**Required work:** The result should be an exact copy of only the lines from the one with "また、築山では登ってハイハイ" through the last line of the data below, with pictures omitted.

**Material for the task:**

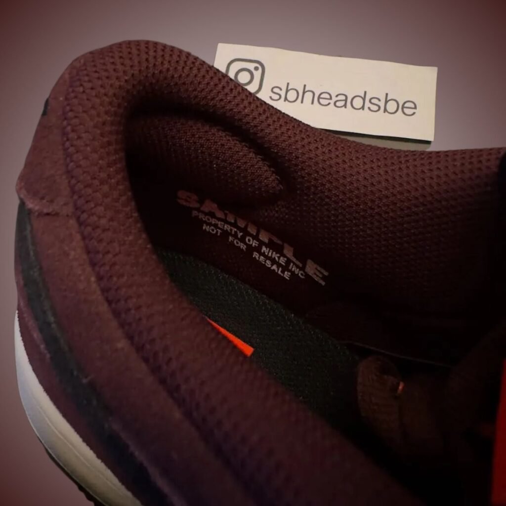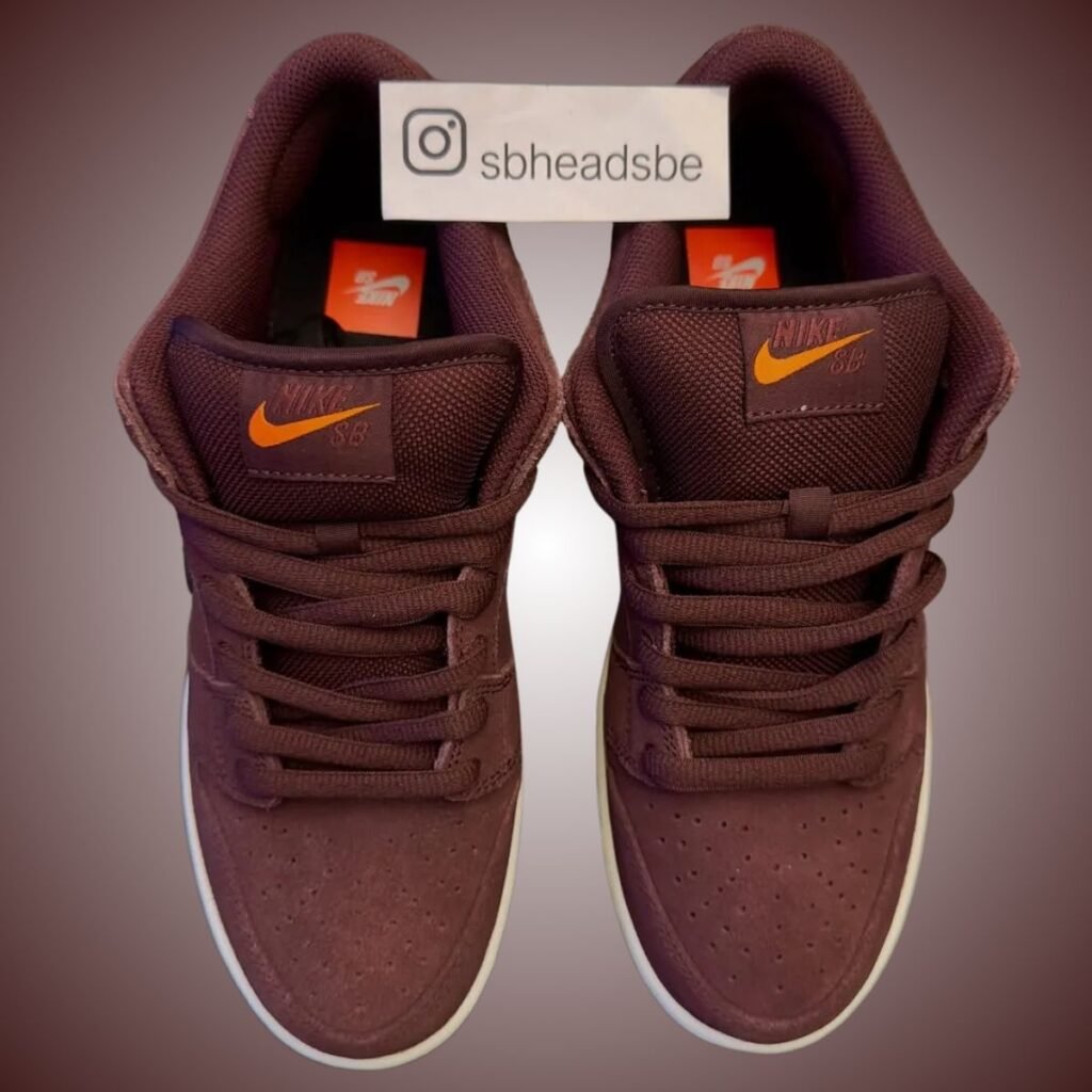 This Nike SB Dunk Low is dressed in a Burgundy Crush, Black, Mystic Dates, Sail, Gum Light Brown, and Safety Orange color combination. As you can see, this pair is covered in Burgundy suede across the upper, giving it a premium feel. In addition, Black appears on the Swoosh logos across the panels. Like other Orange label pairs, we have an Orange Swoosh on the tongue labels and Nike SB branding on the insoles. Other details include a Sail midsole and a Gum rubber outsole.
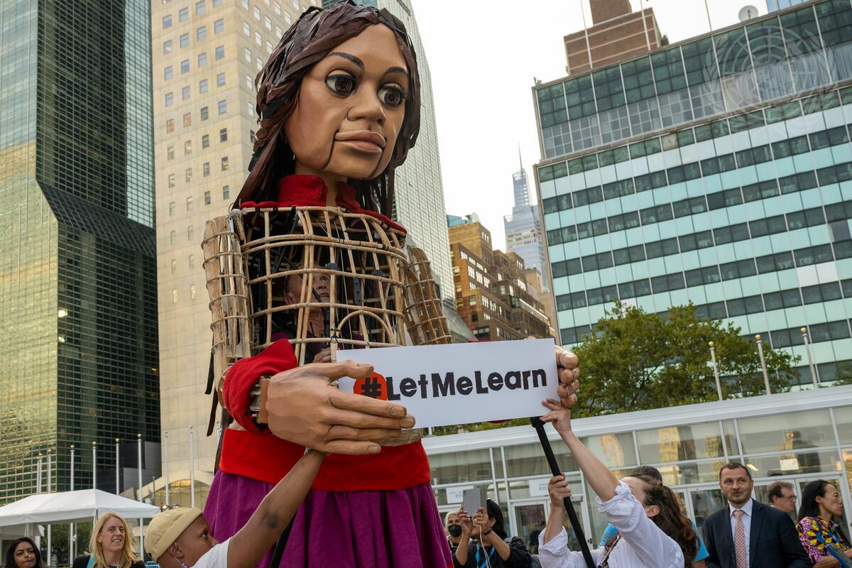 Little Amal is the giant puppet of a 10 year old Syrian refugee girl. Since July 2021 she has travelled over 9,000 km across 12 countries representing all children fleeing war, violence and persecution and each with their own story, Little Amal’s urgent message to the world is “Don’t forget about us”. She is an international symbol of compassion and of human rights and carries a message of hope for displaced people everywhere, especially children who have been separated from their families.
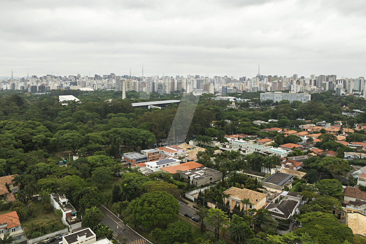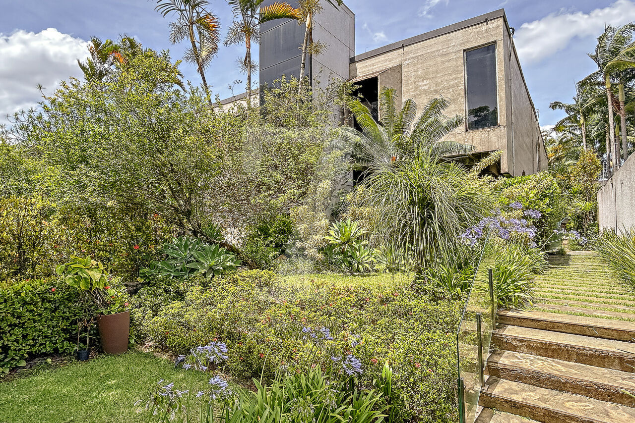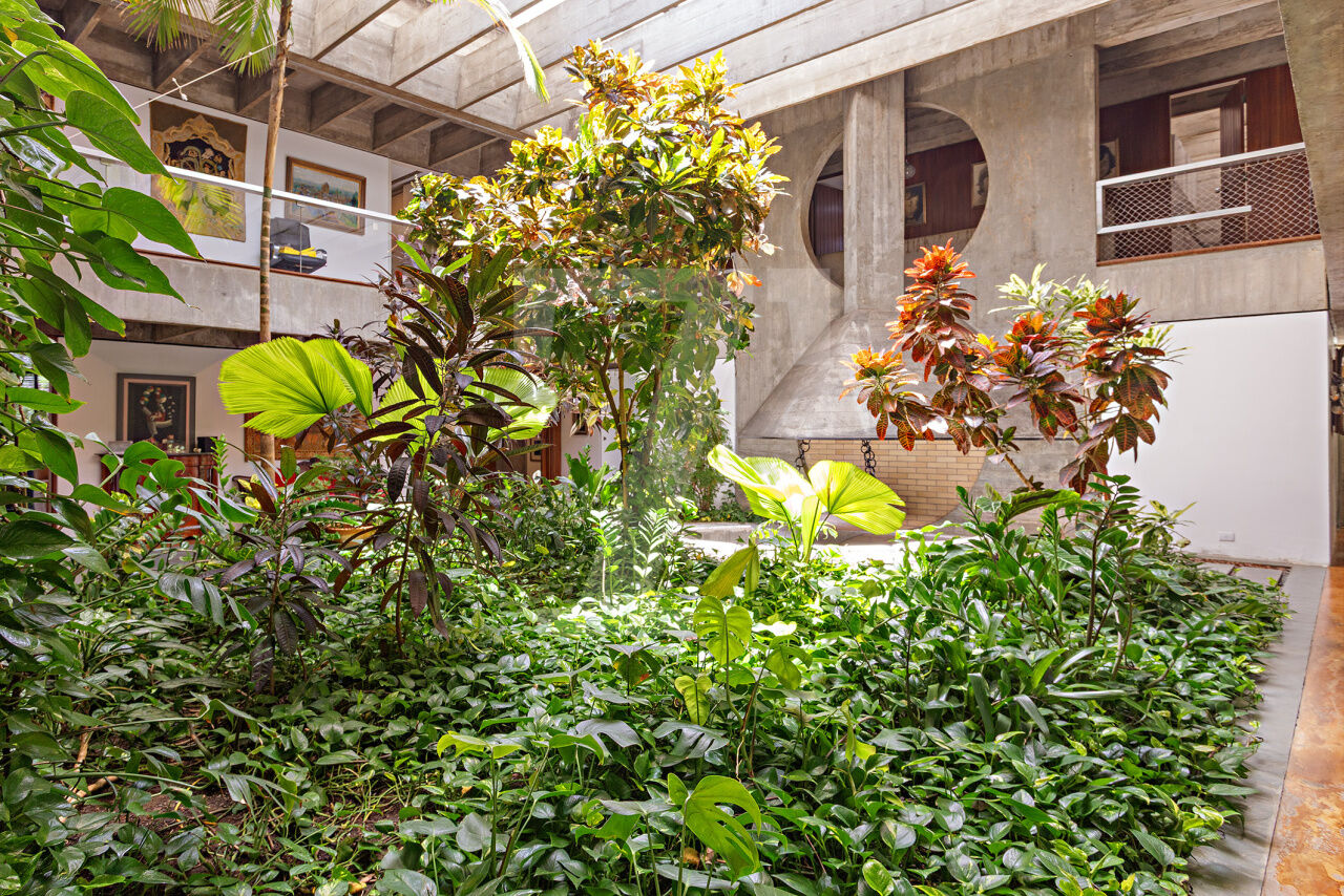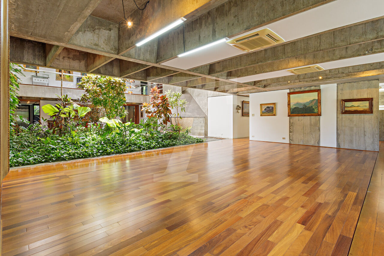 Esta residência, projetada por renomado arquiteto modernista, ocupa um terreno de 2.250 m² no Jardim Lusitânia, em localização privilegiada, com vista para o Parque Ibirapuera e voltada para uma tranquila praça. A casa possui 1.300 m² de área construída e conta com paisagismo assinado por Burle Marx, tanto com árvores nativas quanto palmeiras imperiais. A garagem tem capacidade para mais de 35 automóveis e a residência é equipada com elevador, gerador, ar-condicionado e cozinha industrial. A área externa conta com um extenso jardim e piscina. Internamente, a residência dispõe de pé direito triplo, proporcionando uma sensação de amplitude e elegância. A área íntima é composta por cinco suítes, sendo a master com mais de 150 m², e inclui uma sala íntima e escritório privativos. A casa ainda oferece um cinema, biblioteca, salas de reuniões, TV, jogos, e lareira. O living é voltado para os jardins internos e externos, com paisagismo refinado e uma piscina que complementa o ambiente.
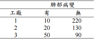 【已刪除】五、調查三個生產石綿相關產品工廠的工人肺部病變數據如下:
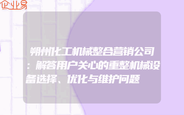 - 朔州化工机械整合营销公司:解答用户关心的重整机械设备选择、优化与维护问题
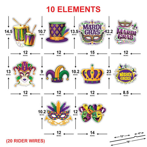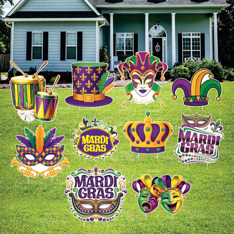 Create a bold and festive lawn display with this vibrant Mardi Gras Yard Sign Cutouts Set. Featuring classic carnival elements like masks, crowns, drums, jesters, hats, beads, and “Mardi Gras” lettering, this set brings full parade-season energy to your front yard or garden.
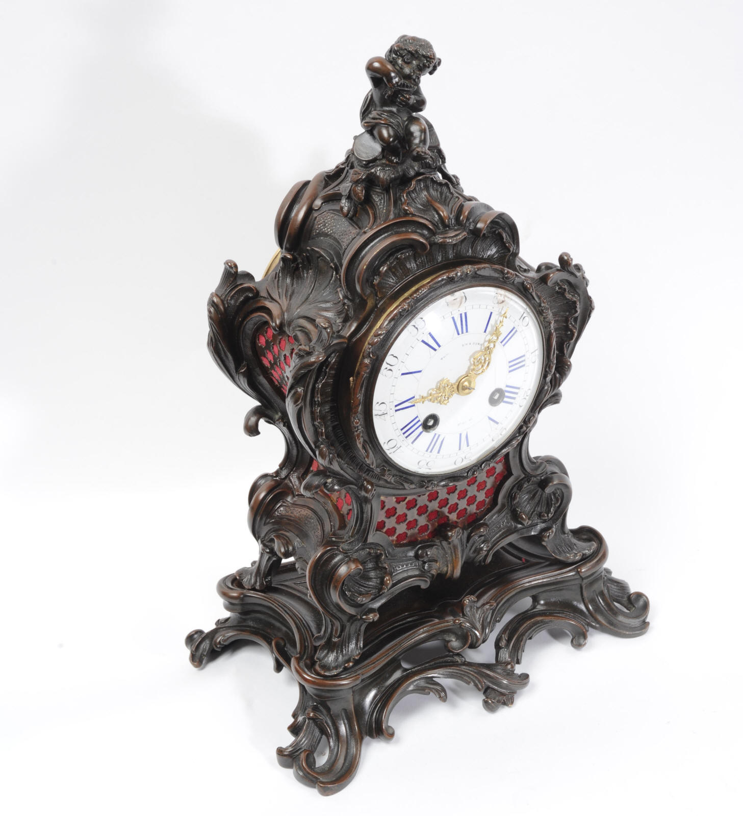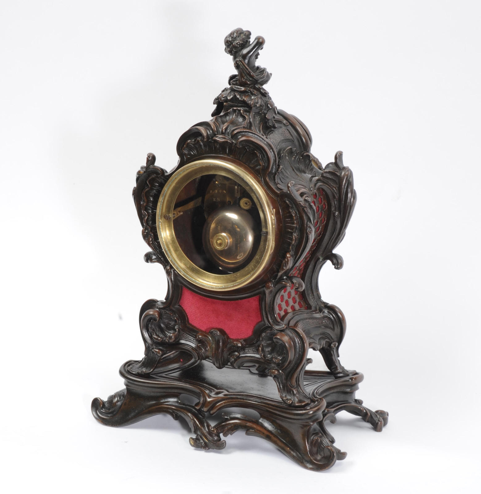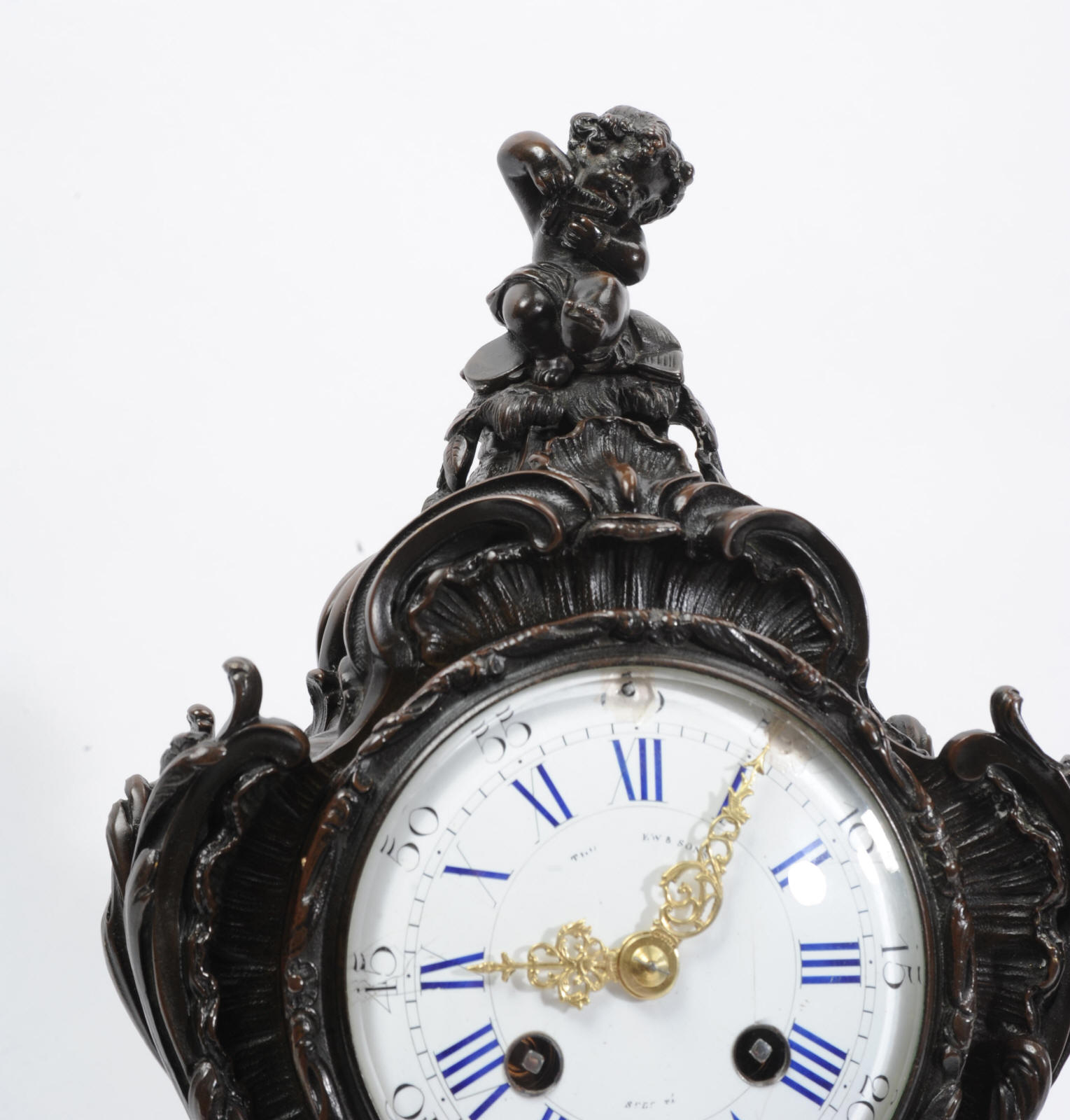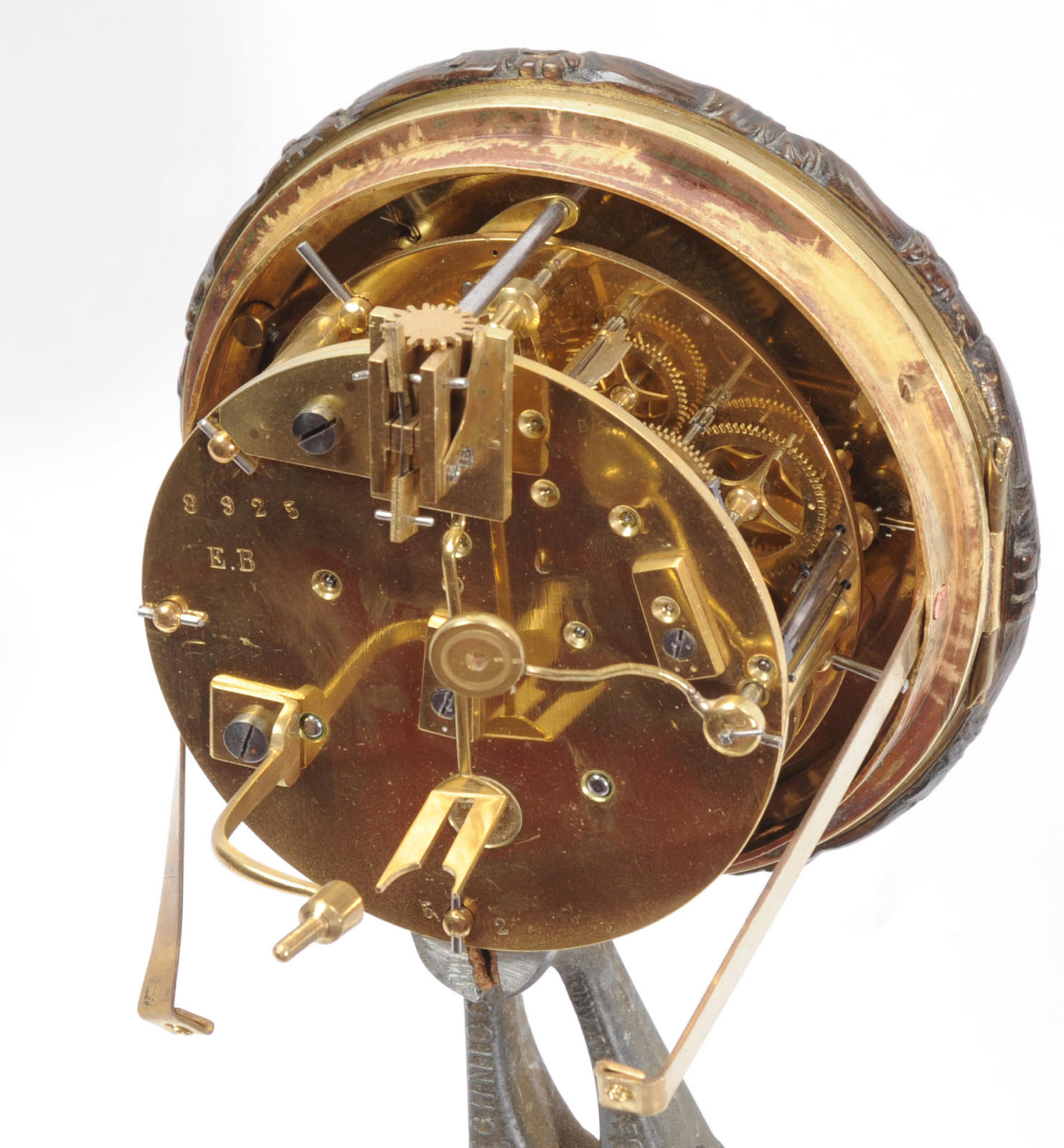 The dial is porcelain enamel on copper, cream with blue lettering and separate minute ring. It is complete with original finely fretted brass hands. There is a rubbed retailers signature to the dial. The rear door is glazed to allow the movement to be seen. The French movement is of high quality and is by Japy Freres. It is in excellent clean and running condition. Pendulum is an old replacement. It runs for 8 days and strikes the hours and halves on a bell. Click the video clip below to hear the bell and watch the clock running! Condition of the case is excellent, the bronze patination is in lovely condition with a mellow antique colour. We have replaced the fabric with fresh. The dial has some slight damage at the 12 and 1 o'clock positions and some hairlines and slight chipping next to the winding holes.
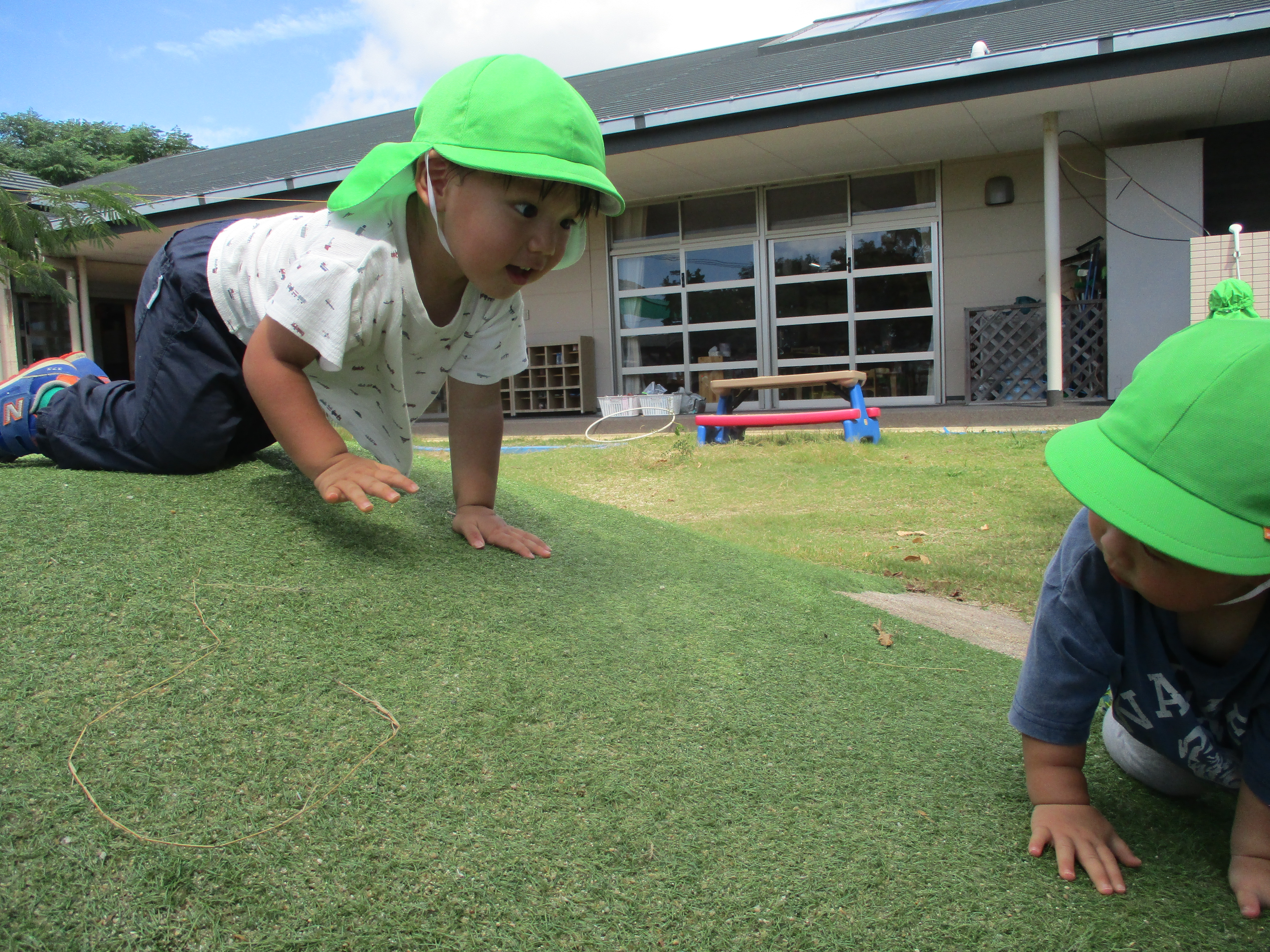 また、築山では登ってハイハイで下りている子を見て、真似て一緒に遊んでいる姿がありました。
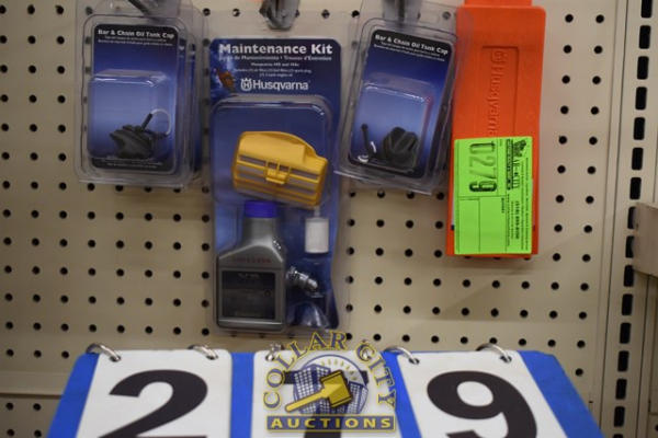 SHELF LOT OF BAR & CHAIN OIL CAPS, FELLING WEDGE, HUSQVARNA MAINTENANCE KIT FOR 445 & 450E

**Written answer:**
 また、築山では登ってハイハイで下りている子を見て、真似て一緒に遊んでいる姿がありました。
 SHELF LOT OF BAR & CHAIN OIL CAPS, FELLING WEDGE, HUSQVARNA MAINTENANCE KIT FOR 445 & 450E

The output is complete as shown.